Funding for roads, water, and utilities seen as key to meeting housing targets

The Housing Industry Association (HIA) has called on the federal government to allocate $12 billion in the upcoming budget for critical infrastructure, arguing that the investment is essential to unlocking land supply and addressing the nation’s housing crisis.
According to Jocelyn Martin (pictured above), managing director at the Housing Industry Association, a lack of enabling infrastructure — such as roads, water, and sewerage — is the primary barrier to increasing housing supply.
“Right now, the single biggest obstacle to housing supply is the lack of shovel-ready land,” Martin said. “Without essential infrastructure in place, land cannot be developed, and homes cannot be built.”

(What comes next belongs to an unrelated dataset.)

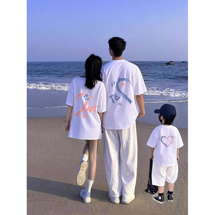 不一樣的親子裝T恤夏季一家三口母子裝2025新款網紅白色短袖上衣t

HIA’s proposal calls for a five-year, $12 billion commitment to fund essential infrastructure, which Martin said is necessary to meet housing demand and keep the government’s housing targets on track.
“This budget is the government’s chance to invest $12 billion over the next five years to deliver the roads, water and utilities that will make new housing developments a reality,” she said. “Without this investment, Australia will fall further behind its housing targets, leaving families and renters to bear the brunt of rising prices and worsening affordability.”
Australia needs to build 240,000 homes annually to keep pace with demand, but last year, completions were 60,000 homes below that target.
“The burden of funding this infrastructure has been unfairly placed on developers, who then have no choice but to pass those costs on to buyers,” said Martin, who called for a government partnership in funding infrastructure to ease affordability pressures and ensure more Australians can enter the property market.
HIA urged the government to focus investment on regional areas to help deliver affordable housing where it is most needed.
“Prioritising regional housing must be part of the solution. Regional Australia is growing, but the infrastructure simply has not kept up,” Martin said. “Housing supply cannot keep up with demand without the infrastructure to support it. This $12 billion commitment is the critical step we need to fast-track land supply, reduce costs and deliver homes to Australians.”